The parallel cluster can be set up with a master node that passes jobs to slave nodes. A master node will generally be the only machine that most users see; it shields the rest of the network behind it. The master node can be used to schedule jobs and monitor processes, while the slave nodes remain untouched (except for maintenance or repair). In a high production environment with several thousand systems, it might be cheaper to totally replace a downed node than to diagnose the error and replace faulty parts within the node.

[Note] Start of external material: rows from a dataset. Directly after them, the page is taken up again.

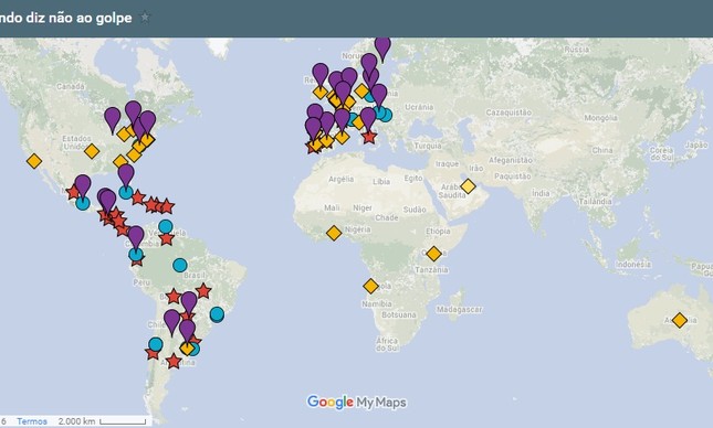 É um mapa hospedado no Google com sinalizações de declarações, reportagens e eventos anti-impeachment ao redor do mundo. A plataforma já tem 19,6 mil visualizações.
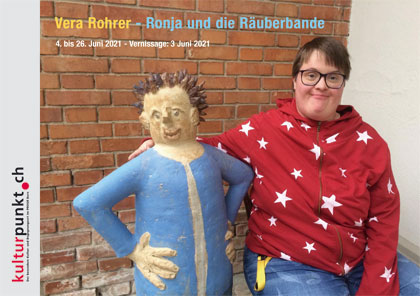 Nur 3 Tage später, am 3. Juni (ab 18 Uhr), findet im kulturpunkt die Vernissage zu einer ganz anderen Ausstellung statt: Vera Rohrer zeigt unter dem Titel «Ronja und die Räuberbande» ihre neusten Tonfiguren, Bilder und Zeichnungen.
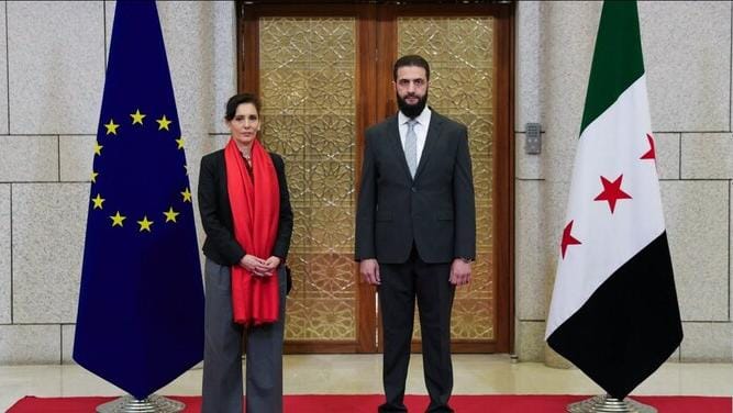 Syrian state news agency SANA published images of Lahbib with the country’s new leader Ahmed Al-Sharaa, reporting he was meeting with “a delegation from the European Commission” headed by the EU official.
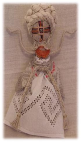 Мотанка – це й іграшка, й оберіг. У дохристиянські часи мотанки робили з найпростішого природного матеріалу – сіна, клаптиків тканини, ниток, стрічок. Люди знали, що лялька не може бути на когось подібною. Мати, створюючи донці іграшку, ніколи б не наважилась намалювати очі, ніс або губи. Замість людських рис у неї на обличчі хрест – символ Сонця.
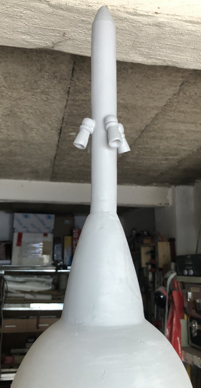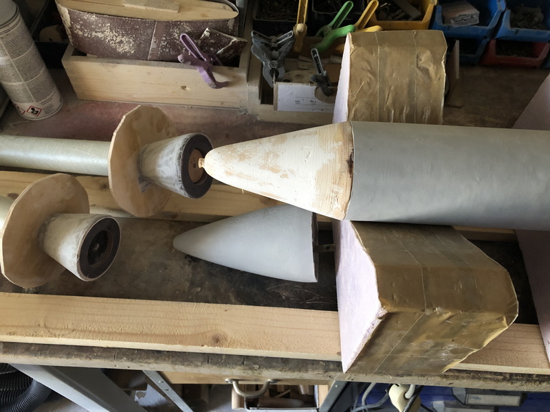 Die Boosterspitze hat mir nicht gefallen, bzw. ist mir nicht gelungen. Zu lang, schlechtes Holz, unrund Deswegen noch einmal gedrechselt. So wirds wohl was. Musste allerdings auch etwas spachteln.
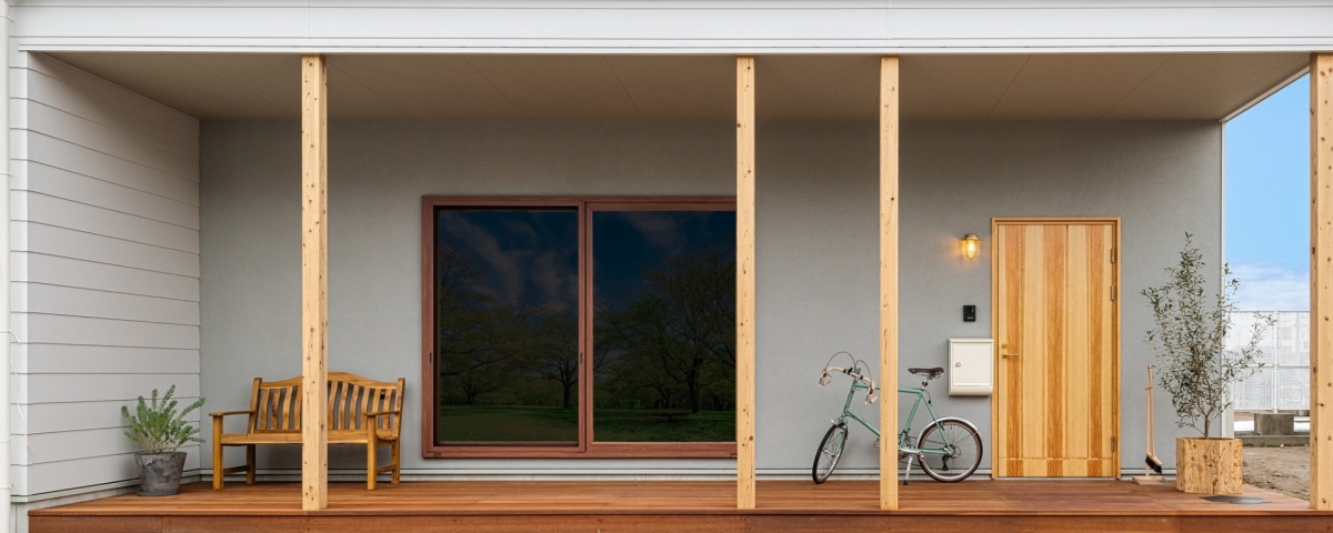 室内と庭をつなぐ大きなウッドデッキ。大きな屋根もかかっているので、リビングの一部かのように自然に外へ繋がっています。
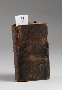 Ménestrier (François) Abbregé methodique des principes héraldiques, ou du véritable art du blason. Lyon, Thomas Amaulry, 1677. 1 vol. in-12, veau brun, dos à nerfs orné de caissons dorés. Reliure de l'époque usagée, coiffes élimées, mors...

Although several methods have been designed for building parallel clusters, Parallel Virtual Machine (PVM) was among the first programs to allow code to run across several nodes. PVM allows a heterogeneous group of machines to run C, C++, and Fortran across the cluster. Message Passing Interface (MPI), a relative newcomer to the scene, is shaping up to be the standard in message passing. Each is available for almost every system imaginable, including Linux.
How Now, Brown Cow
Included within the Parallel Processing model exist cluster configurations called NOWs and COWsor even POPs. Generally, the concept of a NOW and a COW can be synonymous with any parallel computer; however, there tends to be some disagreement among the hardcore ranks. A NOW is a network of operating systems, the COW is a cluster of operating systems, and a POP is a Pile of PCs (Engineering a Beowulf Style Computer Cluster, http://www.phy.duke.edu/brahma/beowulf_book.pdf). If one takes the approach that a parallel cluster is comprised of machines dedicated to the task of parallel computing, then neither a NOW nor a COW fit the bill. These typically are representative of distributed computing because they can be comprised of heterogeneous operating systems and workstations.
From the earliest days of computing, people would stare at their monitors with utter impatience as their systems attempted to solve problems at mind-bogglingly slow speeds (okay, even with modern technology, we still haven't solved this problem). In 1967, Gene Amdahl, who was working for IBM at the time, theorized that there was a limit to the effectiveness of parallel processing for any particular task. (One could assume that this theory was written while waiting for his computer to boot.) More specifically, "every algorithm has a sequential part that ultimately limits the speedup that can be achieved by a multiprocessor implementation" (Reevaluating Amdahl's Law by John L. Gustafson; http://www.scl.ameslab.gov/Publications/AmdahlsLaw/Amdahls.html). In other words, there lies certain parts to each computation, such as the time it takes to write results to disk, I/O limitations, and so on.
Amdahl's Law is important in that it displays how unreasonable it is to expect certain gains above a typical threshold. Even though Amdahl's Law remains the standard in demonstrating the effectiveness of parallel applications, the law remains in dispute and even begins to fall apart as larger clusters are becoming commonplace. According to John L. Gustafson in Reevaluating Amdahl's Law:
"Our work to date shows that it is not an insurmountable task to extract very high efficiency from a massively-parallel ensemble. We feel that it is important for the computing research community to overcome the 'mental block' against massive parallelism imposed by a misuse of Amdahl's speedup formula; speedup should be measured by scaling the problem to the number of processors, not fixing problem size." (See On Microprocessors, Memory Hierarchies, and Amdahl's Law; http://www.hpcmo.hpc.mil/Htdocs/UGC/UGC99/papers/alg1/).
Although certain people dispute the validity of Amdahl's Law, it remains an easy way to think about those limitations.